We are on this bizarre spot because it affords the cameras a decent view of the Gleneagles hotel sign and because, in 18 days time, nobody present will be allowed anywhere near it, which is pretty much what they are here to complain about.
Tariq Ali, the veteran radical, helpfully suggests that if the G8 leaders don't want protesters near their summits they should hold them on » submarines, aircraft carriers or space stations «, while Aamer Anwar, the human rights solicitor and pro-am, all-purpose moaner, scatters claims that everything in the world is a flagrant breach of everything else.
It's left to Gill Hubbard to represent the voice of sobriety and reason, or its closest approximation. As the spokeswoman of G8 Alternatives, Hubbard is the public face of Perthshire protest, the militant peacemaker whose job is to quell fears of anarchist uprising and insist that next month her confrères will overcome, but in the nicest way possible.
» It's not just that we like putting one foot in front of another, « she says. » It's part of our tradition. We've always had to march. From the suffragettes to Martin Luther King, we've always marched. It's a libertarian issue now. If they tell us we can't march at Gleneagles they're depriving us of a basic human right. «
Originally from Leicestershire, Hubbard, 40, came to Scotland eight years ago to take up a health research post at Edinburgh University. She was politicised in the mid-1980s when the miners' strike tore apart communities like the one in which she'd grown up. She fits campaigning around her day job, booking her holiday to coincide with the Gleneagles summit.
Despite being a member of the Scottish Socialist party, Hubbard is keen to come over as a new type of protester. She wants to be seen as reasonable and articulate. She wants to convince people that the mainstream is on the cusp of reshaping its ideas about social and global responsibility and that groups such as G8 Alternatives will soon be articulating the consensus rather than the margins.

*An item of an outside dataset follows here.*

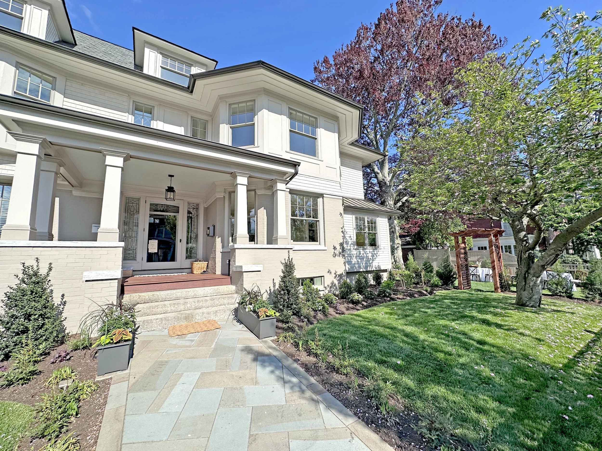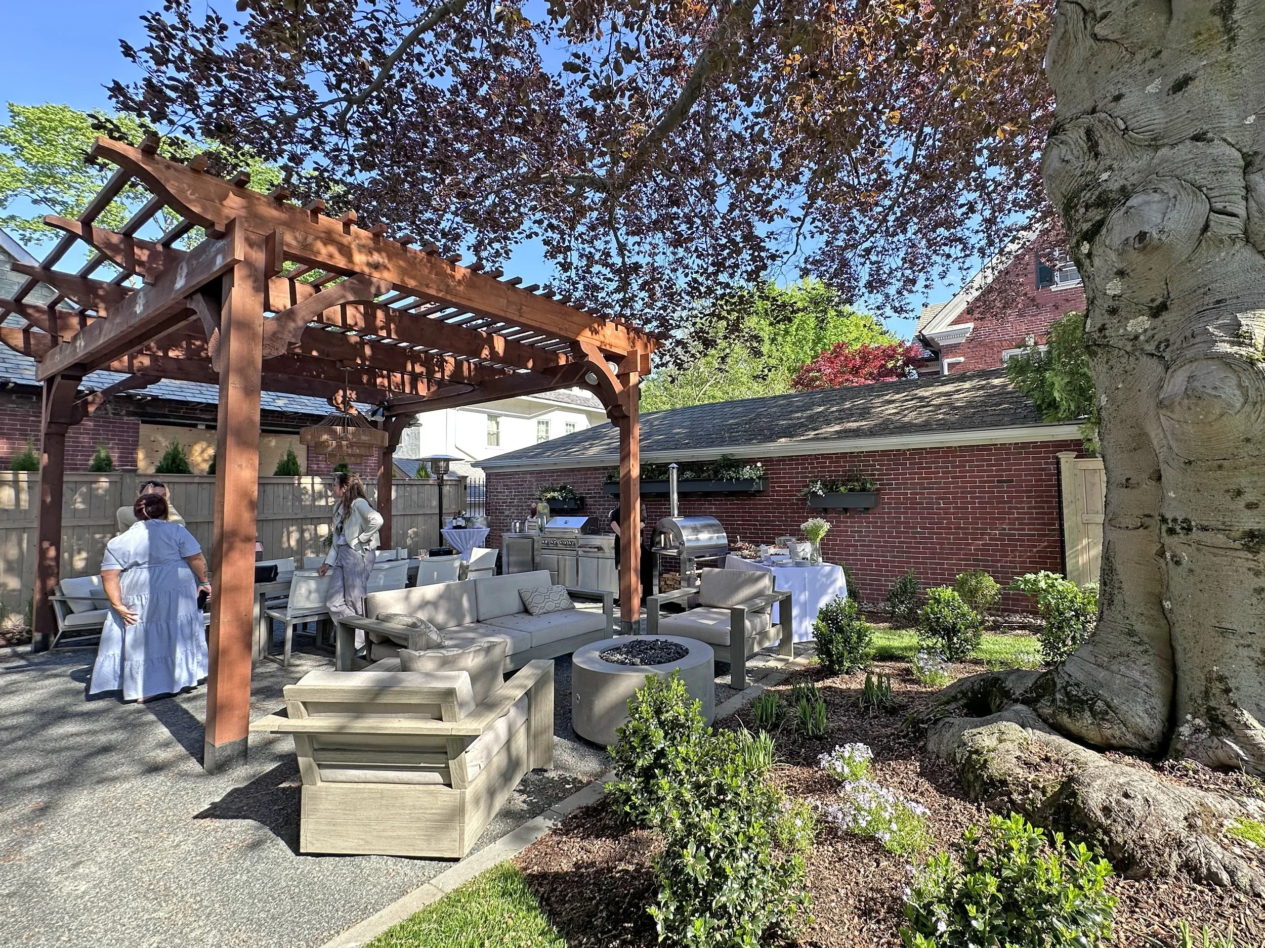 The design for Hanley House extends the home’s thoughtful renovation into the outdoors, creating refined yet welcoming space for gathering, reflection, and everyday enjoyment. The reimagined landscape unfolds as a lush, immersive setting anchored by a custom gas fire pit, a tranquil water feature, and an impressive cedar pergola that defines the primary outdoor living area. Together, these elements establish a warm and inviting atmosphere for entertaining, from intimate evenings to larger celebrations. Layered plantings soften architectural edges and provide seasonal interest, while carefully curated materials and detailing reinforce a sense of craftsmanship and permanence. Designed to balance social connection with restorative calm, the landscape seamlessly integrates beauty, function, and comfort—transforming the outdoor spaces into an extension of the home and a backdrop for unforgettable gatherings.

Even so, you wonder from where the G8 obsession derives. It's Hubbard's contention that eight nations are running the world in a shambolic, criminally inequitable way. What gives her organisation the chutzpah to think it knows better? » Because we have empirical evidence that the neoliberal strategy to privatise the developing world doesn't work, « she says with the moral certainty normally reserved for the goddess of anti-capitalism, Naomi Klein. » Poverty has become worse in the last 50 years under the G8 strategy, global instability has increased, world health has declined and the environment has never been in worse shape. The situation is complex but our demands are simple: drop Africa's debt, for one. «
But they have; so why continue with a G8 protest? » It's good that they've done that, « she says, » but it's not enough. It's for only 18 countries. It's a pitiful amount compared with America's defence budget. «
Hubbard's acolytes arrive and order tea in Gleneagles' horrifyingly pricey bar. When they depart, they leave a bill of 40 for me to deal with. Hubbard may be the acceptable face of anti-globalist protest but it's reasuring to know that G8 Alternatives maintains a consistent attitude to debt relief.